What you need to do:
If pictures appear among the lines below, leave them out while you return exactly the lines from the one with "クレヨンの感触を楽しんだり、クレヨンを転がして遊ぶ子どもたちでした" through the one with "Das erfolgreiche Aufspielen".

Data provided:
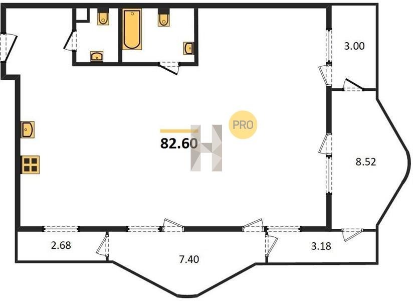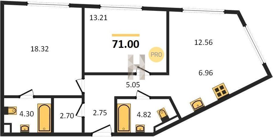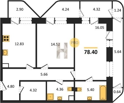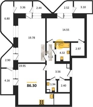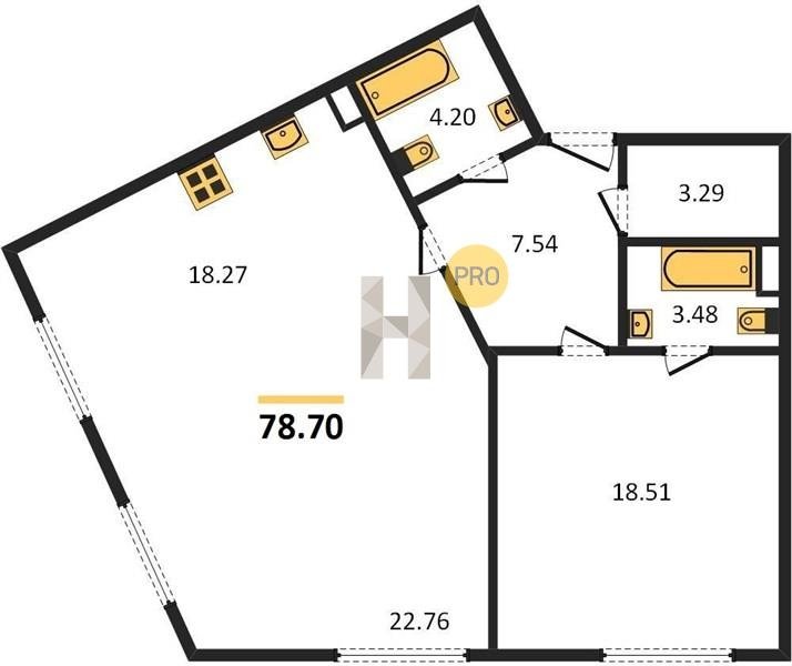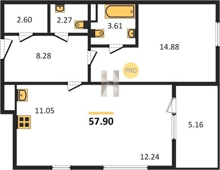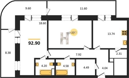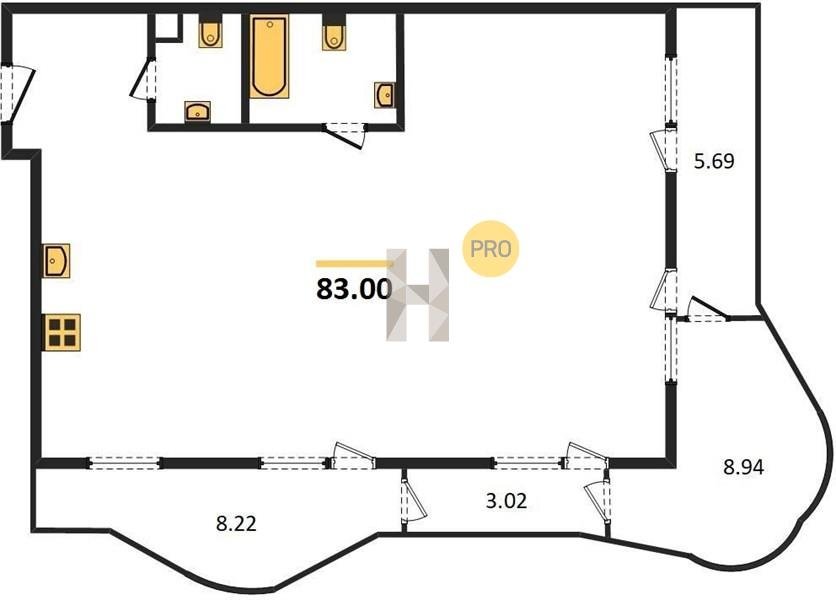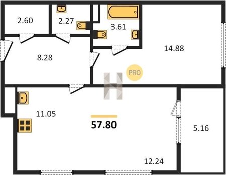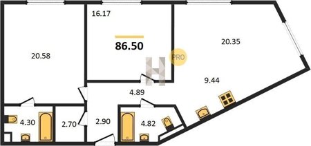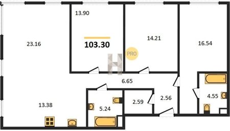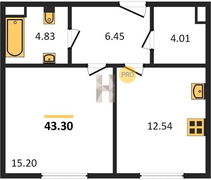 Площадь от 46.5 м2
* * *
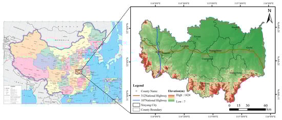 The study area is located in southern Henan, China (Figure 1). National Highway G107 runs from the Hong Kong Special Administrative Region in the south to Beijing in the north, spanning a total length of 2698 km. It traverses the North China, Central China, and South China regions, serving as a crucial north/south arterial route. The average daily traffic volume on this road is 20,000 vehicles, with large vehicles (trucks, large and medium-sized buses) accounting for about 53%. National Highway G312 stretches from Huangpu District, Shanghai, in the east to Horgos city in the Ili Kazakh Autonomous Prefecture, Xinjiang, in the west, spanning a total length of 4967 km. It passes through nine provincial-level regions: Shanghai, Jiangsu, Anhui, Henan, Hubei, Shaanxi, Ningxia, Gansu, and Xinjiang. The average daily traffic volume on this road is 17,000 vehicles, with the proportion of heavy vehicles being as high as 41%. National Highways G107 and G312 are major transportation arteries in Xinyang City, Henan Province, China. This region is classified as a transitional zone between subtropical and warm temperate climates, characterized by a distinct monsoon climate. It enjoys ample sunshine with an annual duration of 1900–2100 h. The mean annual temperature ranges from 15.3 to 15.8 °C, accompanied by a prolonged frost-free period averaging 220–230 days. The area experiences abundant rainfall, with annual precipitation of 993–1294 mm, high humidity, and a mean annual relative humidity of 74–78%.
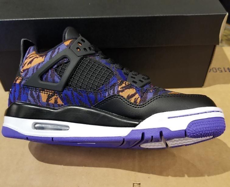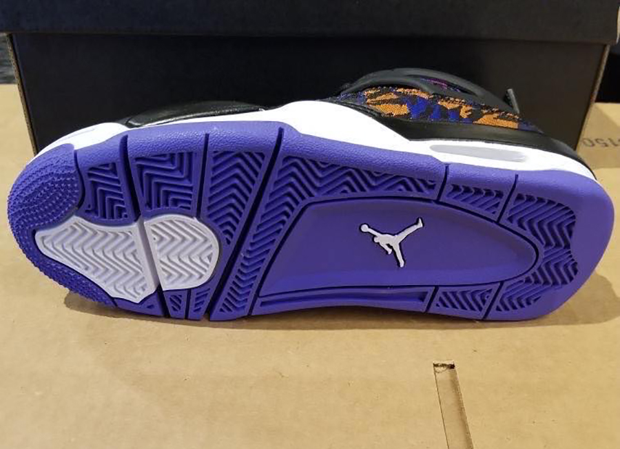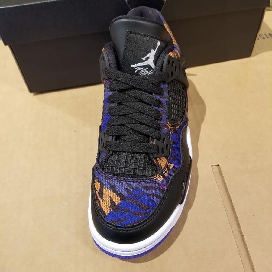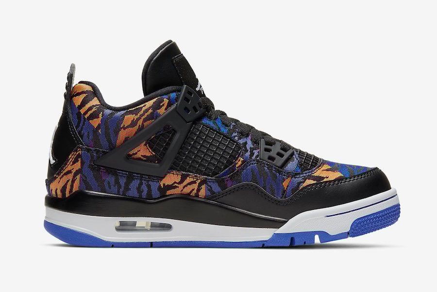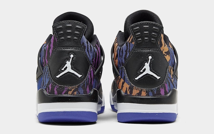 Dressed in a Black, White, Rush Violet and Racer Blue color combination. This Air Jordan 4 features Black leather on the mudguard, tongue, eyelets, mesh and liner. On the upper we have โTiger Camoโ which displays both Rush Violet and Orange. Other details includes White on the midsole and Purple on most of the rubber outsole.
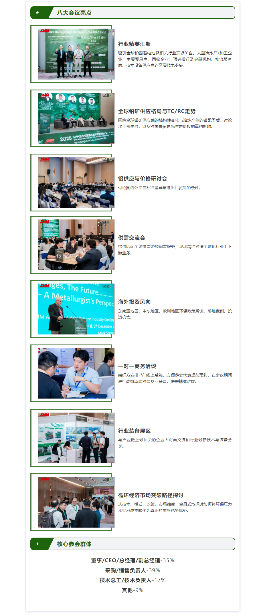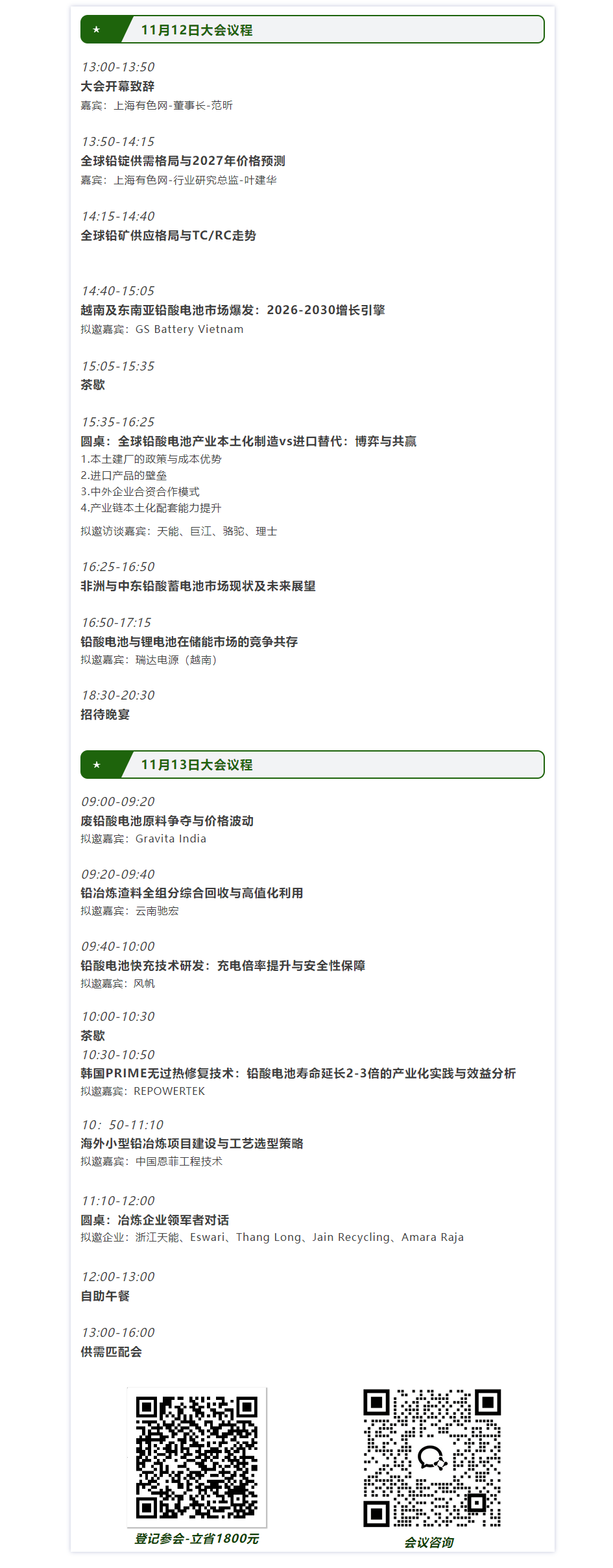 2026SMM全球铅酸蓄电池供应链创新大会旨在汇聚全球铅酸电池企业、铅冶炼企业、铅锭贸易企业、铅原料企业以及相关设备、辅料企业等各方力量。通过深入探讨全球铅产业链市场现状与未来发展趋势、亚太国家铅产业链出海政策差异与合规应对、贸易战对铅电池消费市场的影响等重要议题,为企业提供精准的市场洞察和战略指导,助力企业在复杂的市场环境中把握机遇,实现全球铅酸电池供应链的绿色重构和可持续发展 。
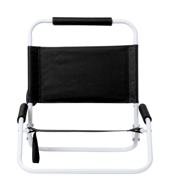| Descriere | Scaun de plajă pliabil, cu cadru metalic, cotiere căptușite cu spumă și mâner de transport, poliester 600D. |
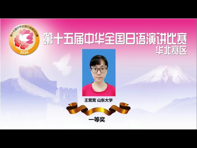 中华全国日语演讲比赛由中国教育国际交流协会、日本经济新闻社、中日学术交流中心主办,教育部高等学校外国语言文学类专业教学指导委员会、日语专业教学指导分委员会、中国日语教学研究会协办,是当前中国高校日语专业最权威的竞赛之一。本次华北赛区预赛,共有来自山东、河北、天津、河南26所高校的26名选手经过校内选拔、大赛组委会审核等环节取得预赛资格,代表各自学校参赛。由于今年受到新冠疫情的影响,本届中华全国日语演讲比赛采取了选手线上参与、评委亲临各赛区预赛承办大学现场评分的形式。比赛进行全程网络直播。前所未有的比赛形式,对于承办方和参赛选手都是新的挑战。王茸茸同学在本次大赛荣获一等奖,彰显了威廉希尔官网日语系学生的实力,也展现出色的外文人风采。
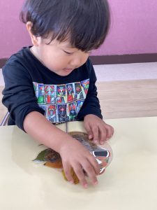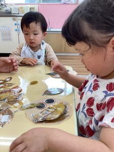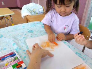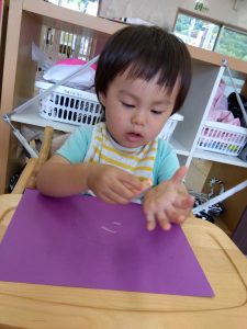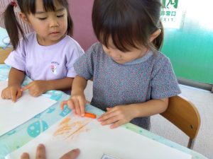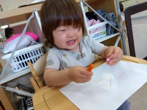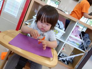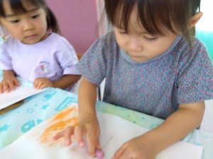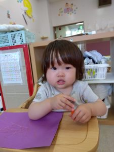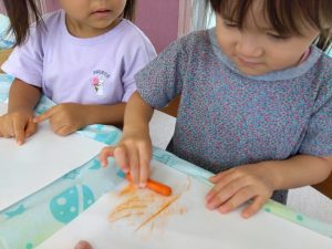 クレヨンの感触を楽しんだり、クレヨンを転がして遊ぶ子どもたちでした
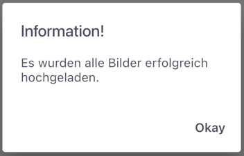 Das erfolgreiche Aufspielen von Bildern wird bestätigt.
---
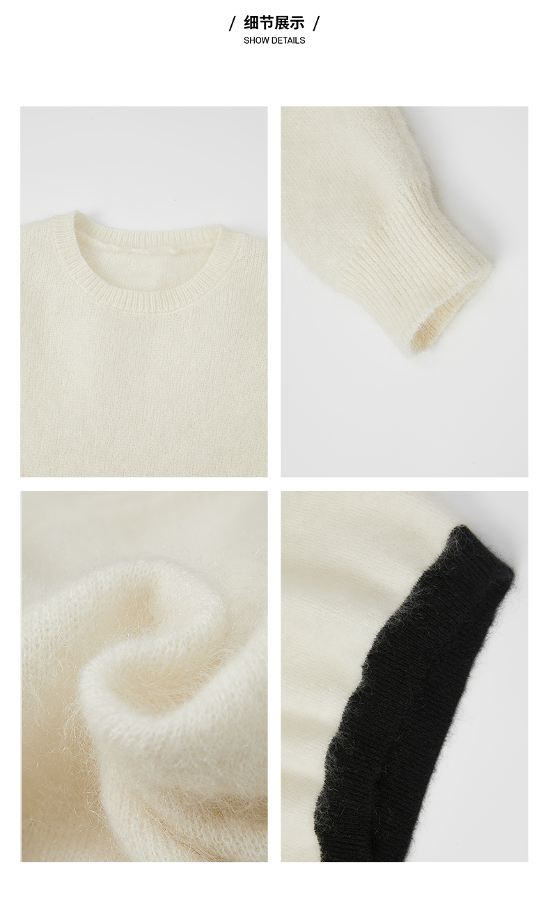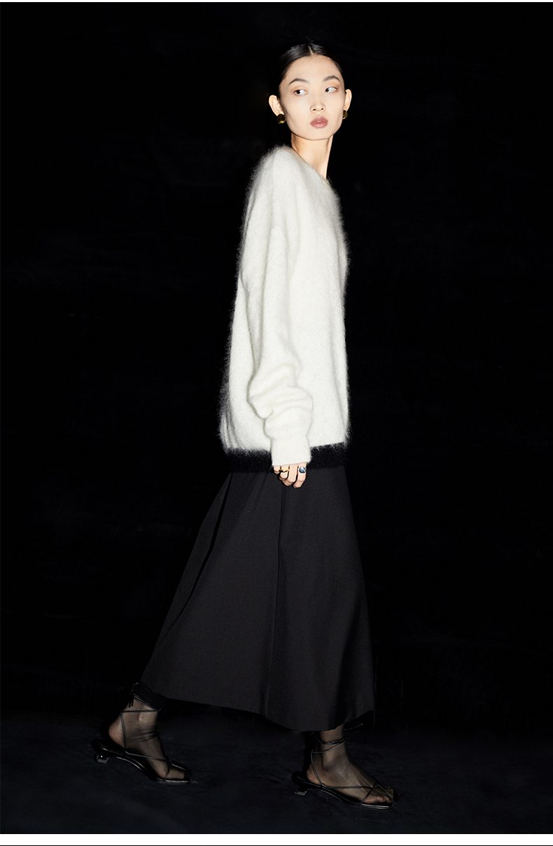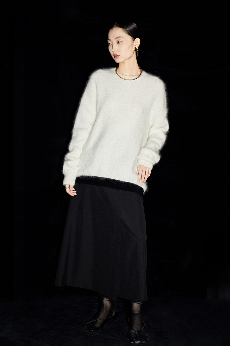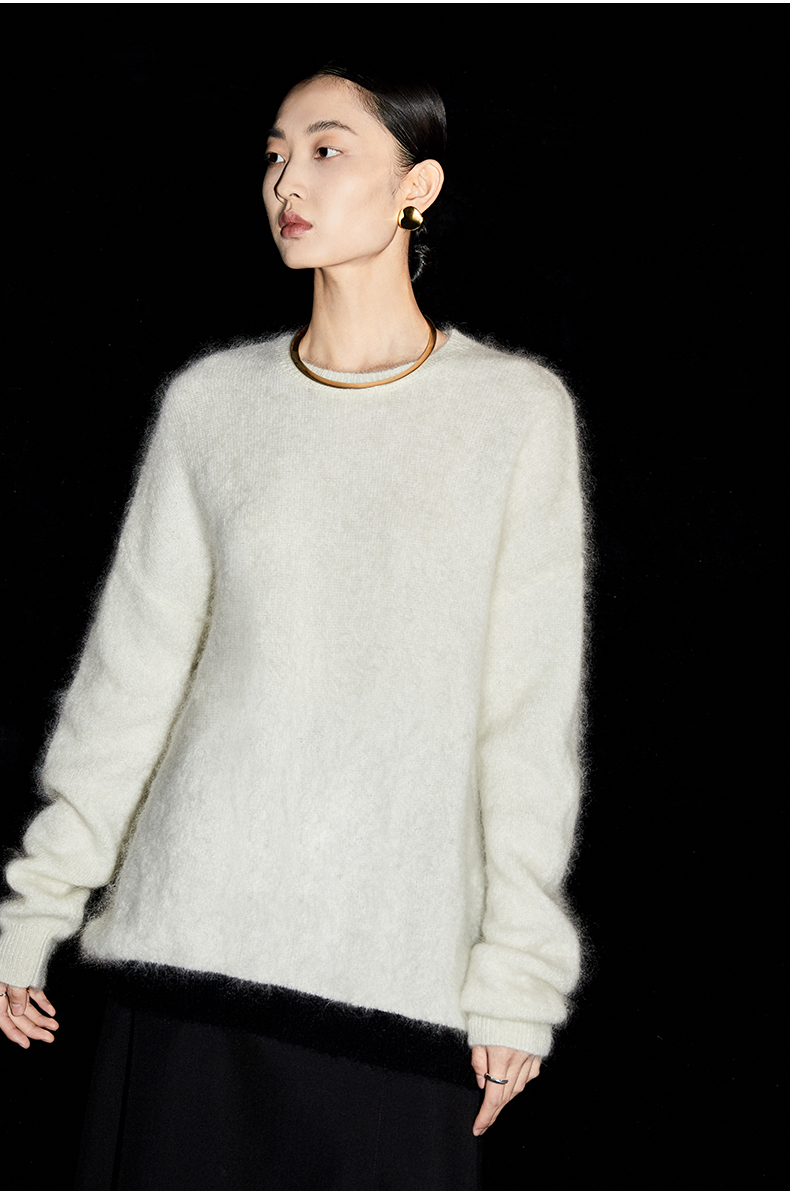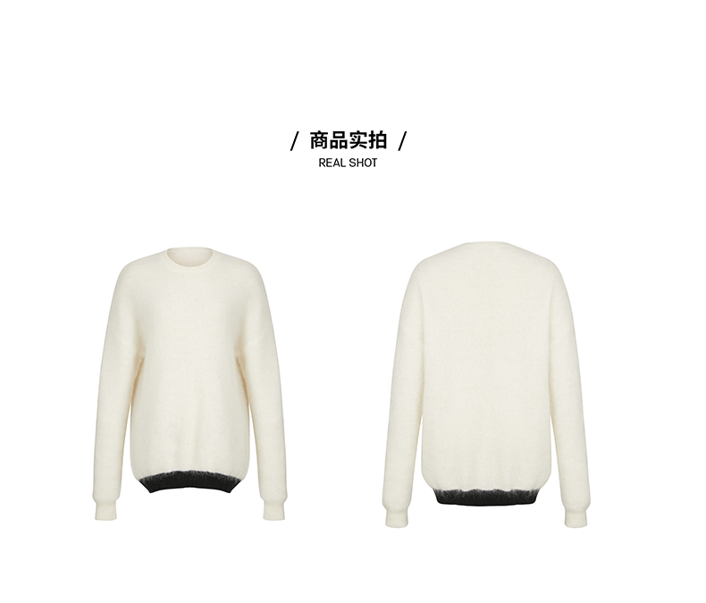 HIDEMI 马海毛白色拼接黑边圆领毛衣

Exercise output:
 クレヨンの感触を楽しんだり、クレヨンを転がして遊ぶ子どもたちでした
 Das erfolgreiche Aufspielen von Bildern wird bestätigt.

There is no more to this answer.